While NTR usually stands for netorare, it can also stand for netori or netorase. In this case, it is netori so it can be described as NTR
Not accurately. NTR is NeToRare, or in Kanji, [寝取られ], means "cheating
with", referring
to the act itself rather than to an individual (the way it was explained to me was that it's the difference between saying "It's a robbery!" vs. "It's a robber!"), and it is based off of Netorareru [寝取られる], which is the passive form of Netoru, and can be conjugated further, eg.
kanojo ga yuujin ni netorareru [彼女が友人に寝取られる], which translates to, "The girlfriend is
netoru'd by a friend". We can see this proven by looking at the root word Netoru [寝取る], which also forms the root for Netori [寝取り] and Netorase [寝取らせ], and means solely, "to sleep with a girl (or guy) that's already sleeping with someone else", aka cheating. Netori is the active form of cheating, meaning literally, "stealing someone else's partner". Netorase is the causative form of Netoru, meaning letting or forcing someone to netoru someone; this could be something like the storyline of the H-game Euphoria, where rape is forced by threat of execution, to something where a couple goes to a bar, finds someone that they want the wife to fuck, and they take him home so the man can watch (and maybe fuck her afterwards).

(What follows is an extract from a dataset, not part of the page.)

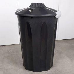 Takket være det praktiske låg med centralt greb åbnes og lukkes spanden nemt og begrænser effektivt spredningen af ubehagelige lugte.

Now, why did Netorare become so popular over Netori, such that the former became very well known before the latter really surfaced in the anime/manga-loving zeitgeist beyond Japan? No fucking clue. Maybe just there's more masochists than sadists (which would sorta be supported by the "herbivorous men" stereotype of Japanese men, likely caused by social and work pressures, stress, and the reality that marriage simply isn't necessary in this day and age anymore).